Activity
Return only the lines of the data below from the line with "Śnieg, Owczarek australijski, Leżący, Australian" up to and including the line with "가정용, 자동차 청소 |", exactly as written, with the pictures omitted.
Top of Input records
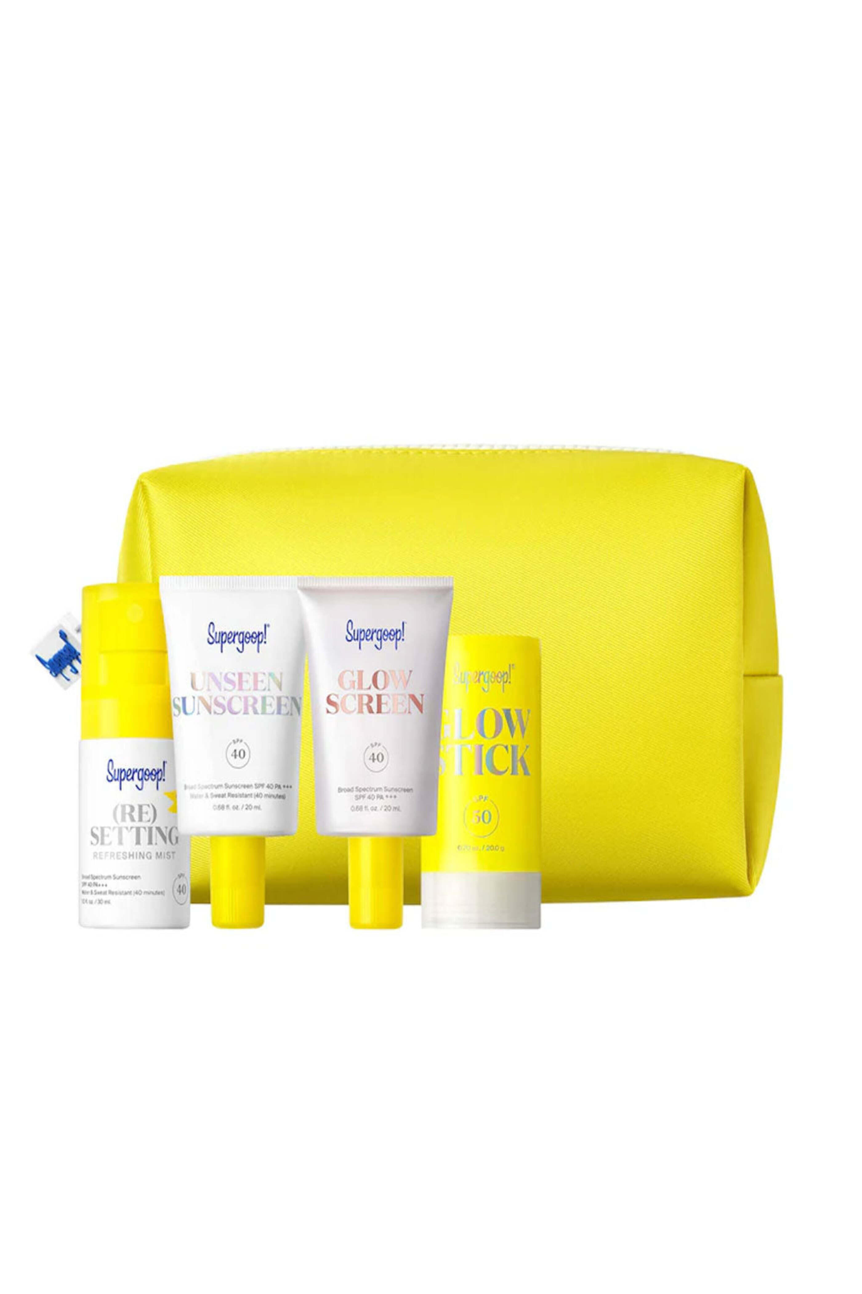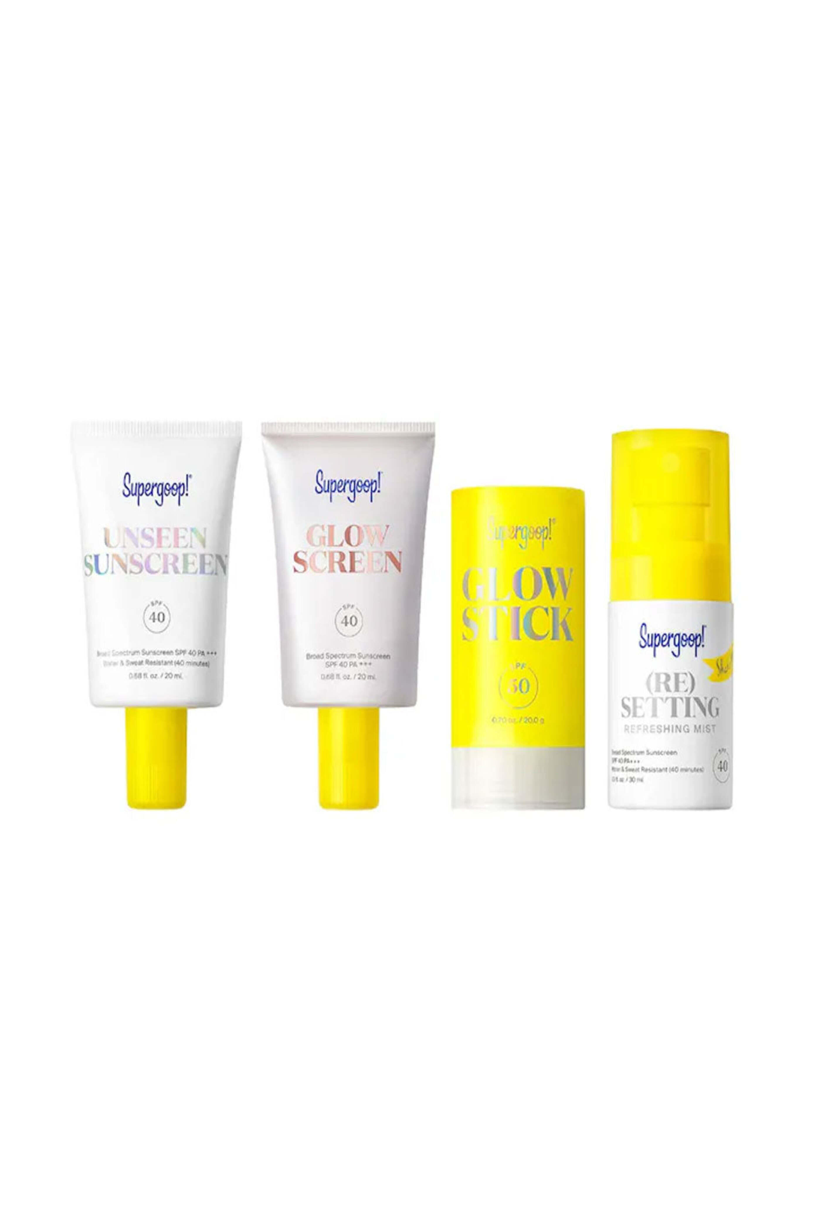 Supergoop Everyday SPF Faves Kit. Set of skincare and beauty bestsellers to make SPF a daily habit. This set contains: 20 mL Unseen Sunscreen, 20mL Glowscreen Sunrise, 20 g Glowstick, 30 mL (Re)setting Mist.
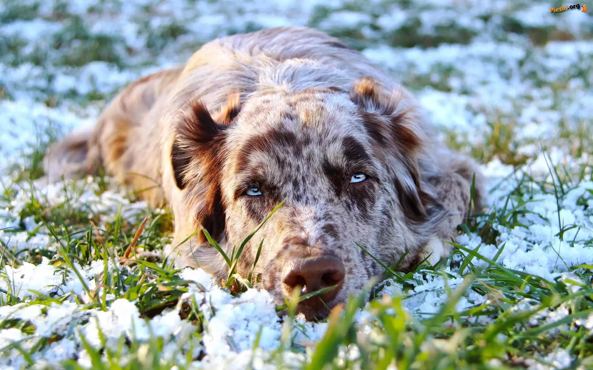 Śnieg, Owczarek australijski, Leżący, Australian shepherd, Trawa
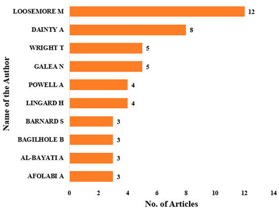 A total of 459 authors participated in the creation of 197 papers in the area of workforce diversity. The top 10 contributors to the research field are shown in Figure 3. Martin Loosemore was the most prolific author, with twelve publications, followed by Andrew Dainty with eight. Natalie Galea and Tessa Wright each had five publications in this field. These authors have made significant contributions to the field through their studies on topics such as culture, gender, identity, and equality. Their research sheds light on the challenges and opportunities faced by women and other minority groups in the industry.
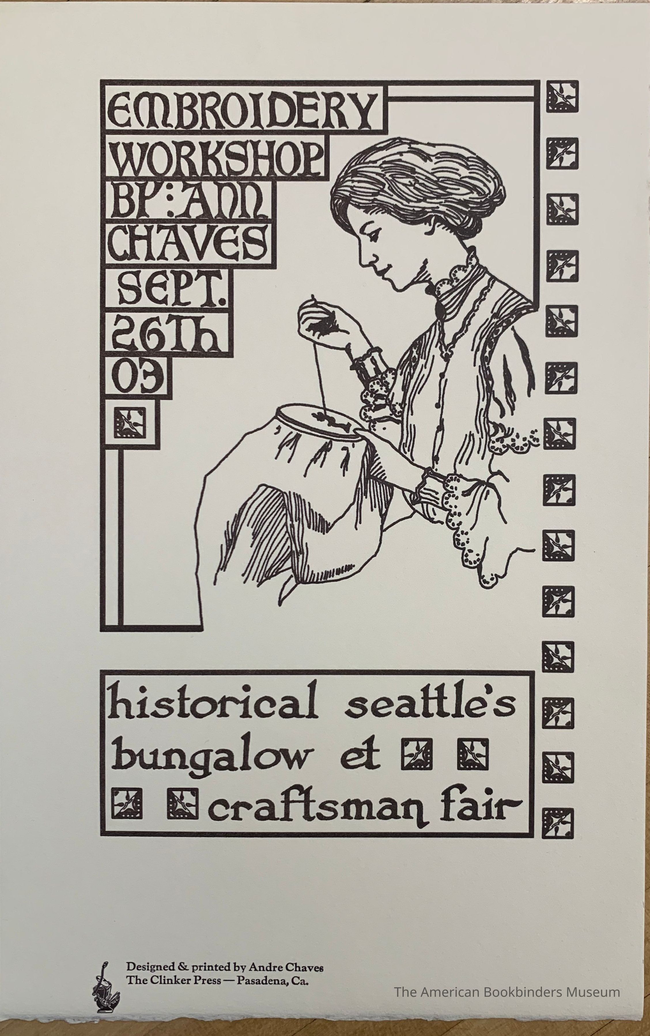 Poster for event, with image of a woman using an embroidery hoop. Cream paper with bottom deckled edge.Collection
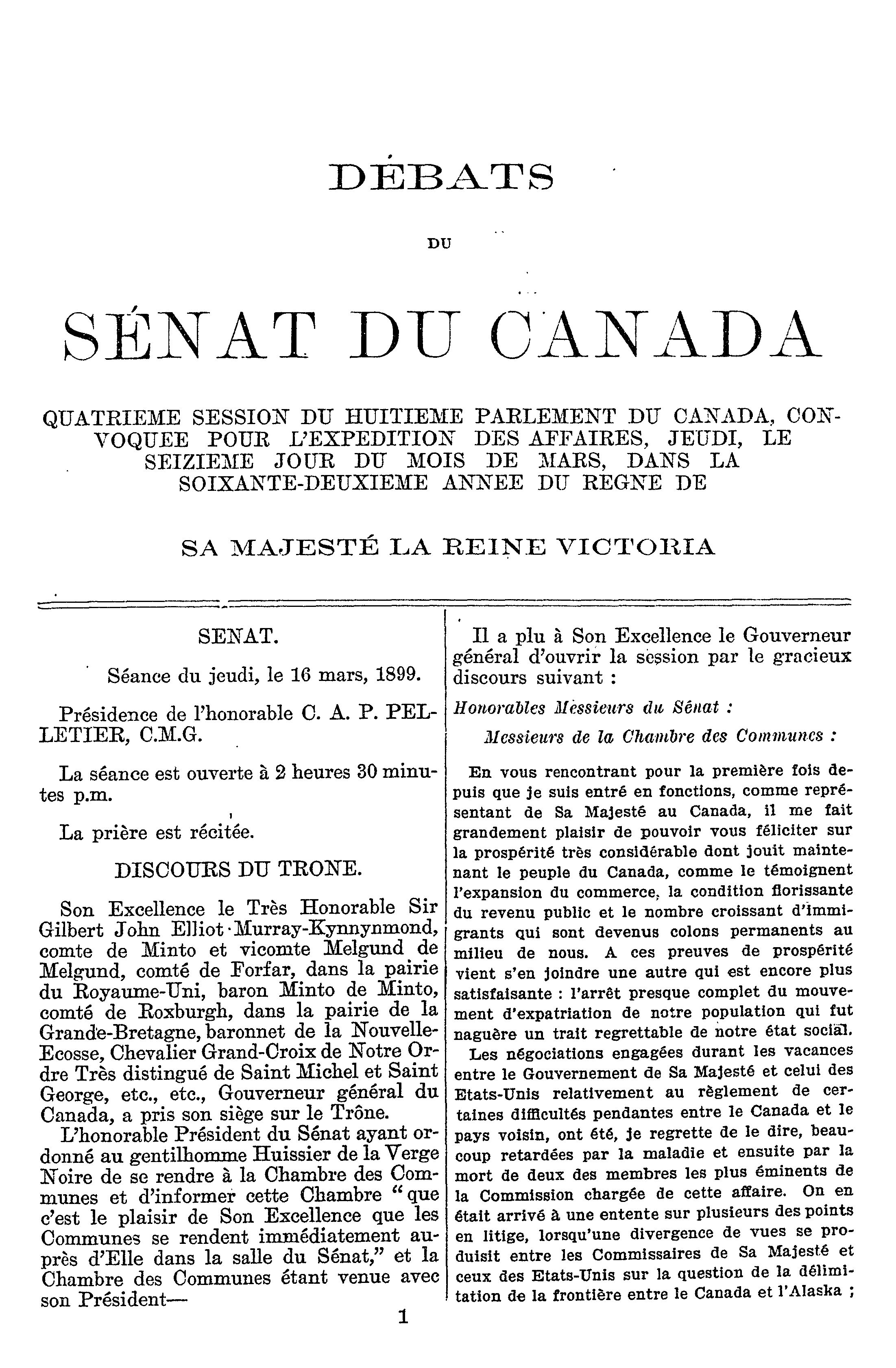 Débats du Sénat du Canada : Débats du Sénat du Canada, 1899 : 1899
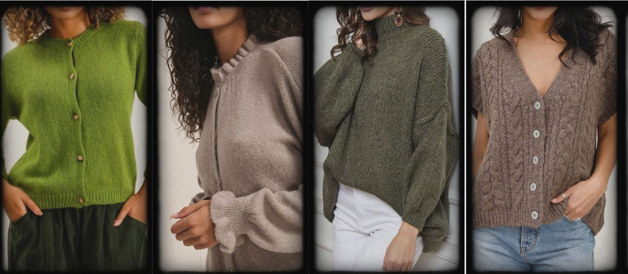 Khaki green jumper with elegant pearl detailing on the back
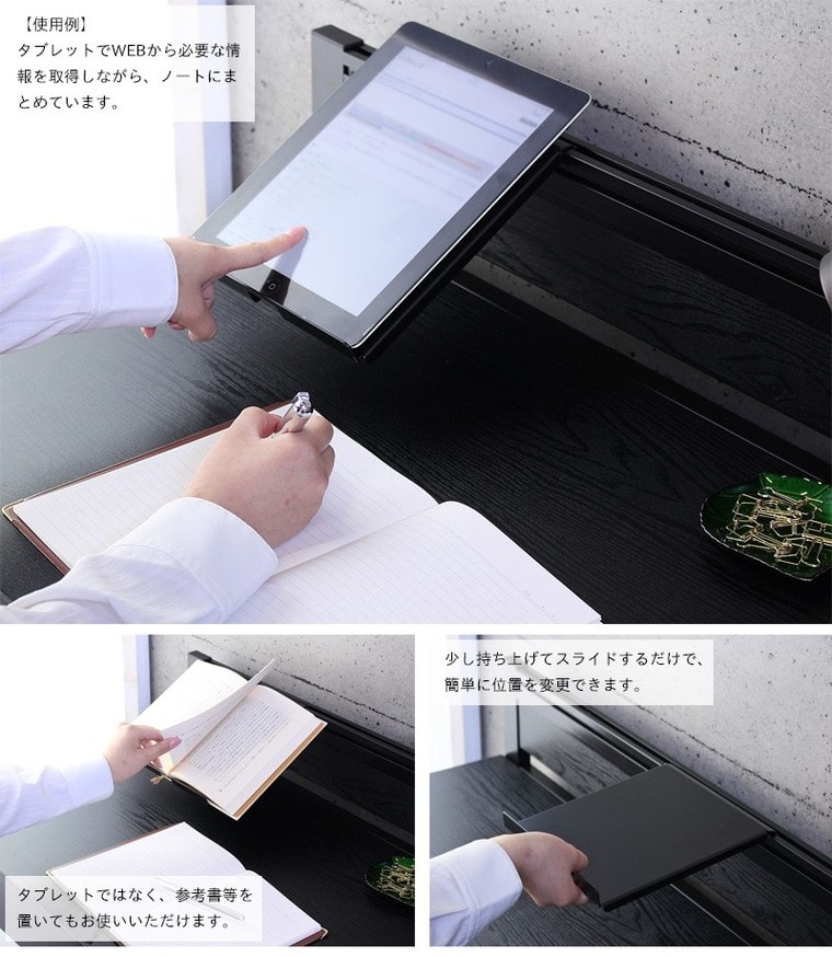 スライドスレーには、タブレットや資料をのせることができます。スライドスレーの位置を変更することもできます。
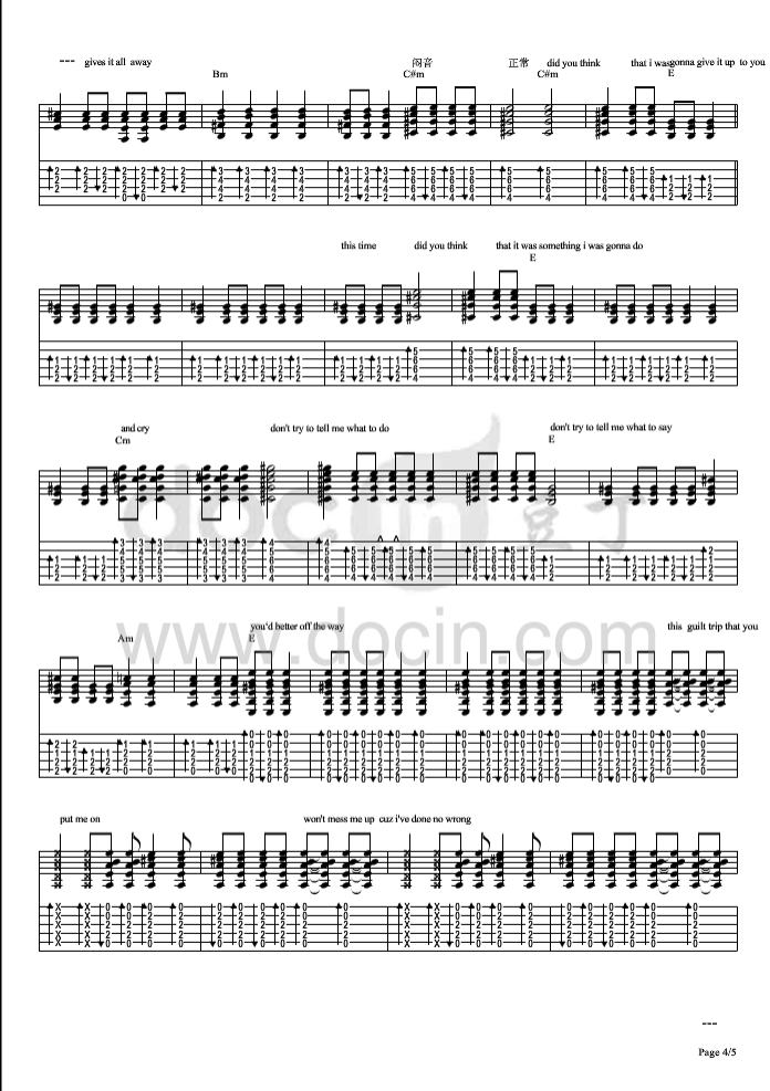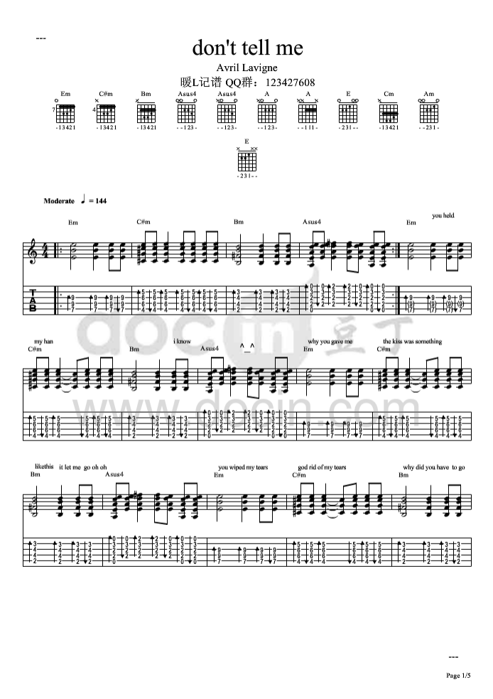 曲谱介绍: dont《donttellme》吉他独奏谱,豆丁网编配出品,共有5张高清图谱。
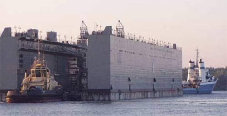 В завершающей стадии находится строительство плавдока композитного типа грузоподъемностью 25 тыс.т. Заказчик - Российская Федерация; назначение дока - утилизация подводных лодок.
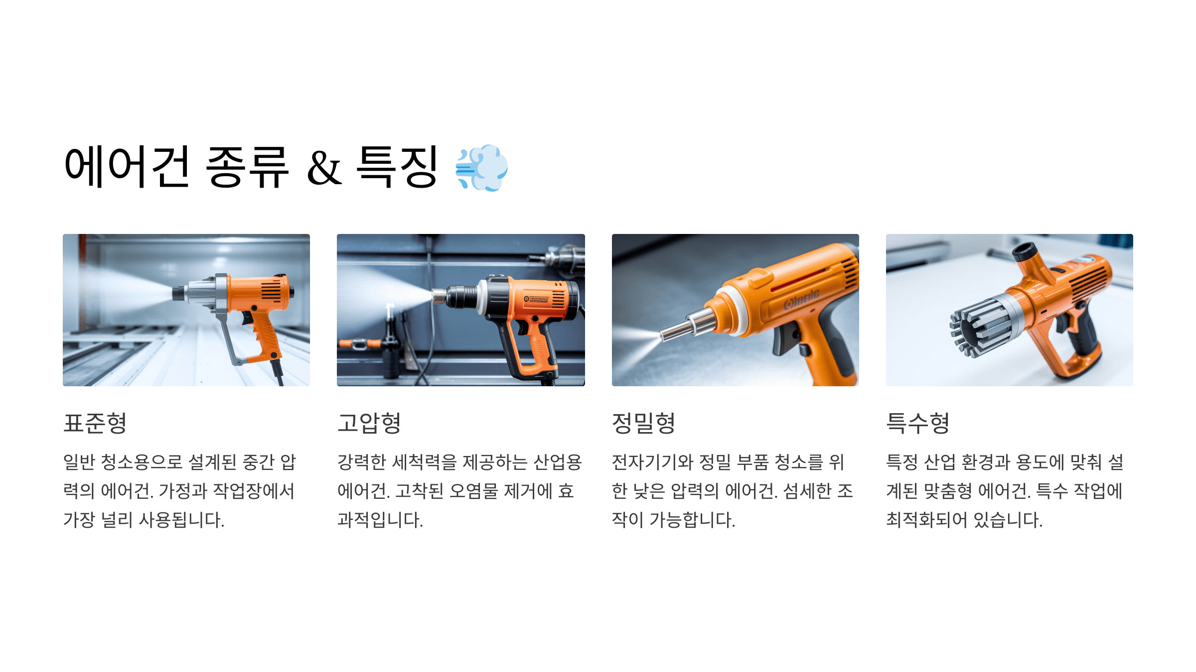 | 일반형 에어건 | 기본적인 먼지 제거 및 공기 분사 | 가정용, 자동차 청소 |
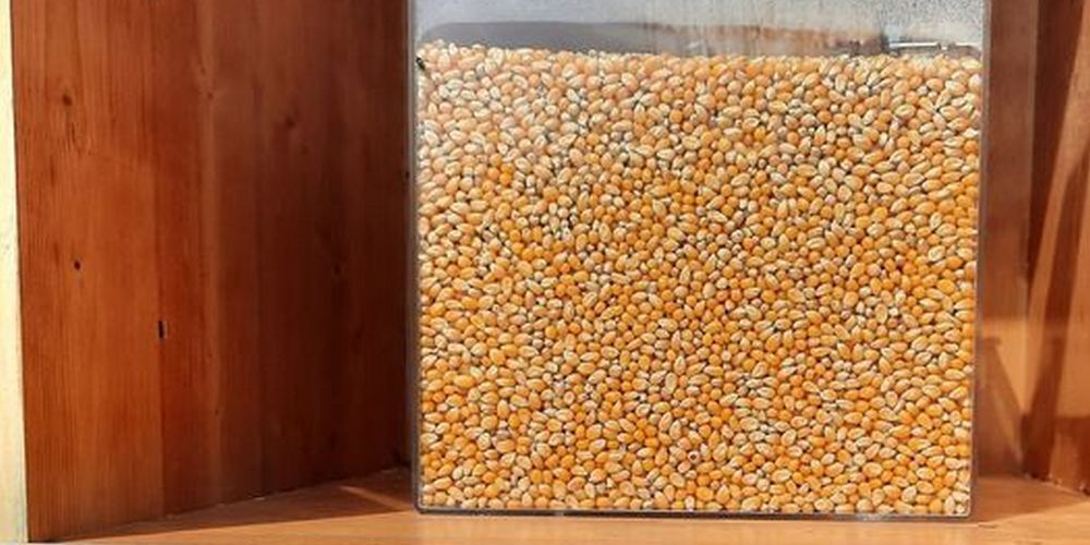 Beim RhyLa-Wettbewerb wurde gefragt, wie viele Maiskörner sich in der unten abgebildeten Box befinden. Auf die richtige Antwort - in der Box waren 60'000 Maiskörner - tippten insgesamt 11 Gäste.
Bottom of Input records
Result for this task
 Śnieg, Owczarek australijski, Leżący, Australian shepherd, Trawa
 A total of 459 authors participated in the creation of 197 papers in the area of workforce diversity. The top 10 contributors to the research field are shown in Figure 3. Martin Loosemore was the most prolific author, with twelve publications, followed by Andrew Dainty with eight. Natalie Galea and Tessa Wright each had five publications in this field. These authors have made significant contributions to the field through their studies on topics such as culture, gender, identity, and equality. Their research sheds light on the challenges and opportunities faced by women and other minority groups in the industry.
 Poster for event, with image of a woman using an embroidery hoop. Cream paper with bottom deckled edge.Collection
 Débats du Sénat du Canada : Débats du Sénat du Canada, 1899 : 1899
 Khaki green jumper with elegant pearl detailing on the back
 スライドスレーには、タブレットや資料をのせることができます。スライドスレーの位置を変更することもできます。
 曲谱介绍: dont《donttellme》吉他独奏谱,豆丁网编配出品,共有5张高清图谱。
 В завершающей стадии находится строительство плавдока композитного типа грузоподъемностью 25 тыс.т. Заказчик - Российская Федерация; назначение дока - утилизация подводных лодок.
 | 일반형 에어건 | 기본적인 먼지 제거 및 공기 분사 | 가정용, 자동차 청소 |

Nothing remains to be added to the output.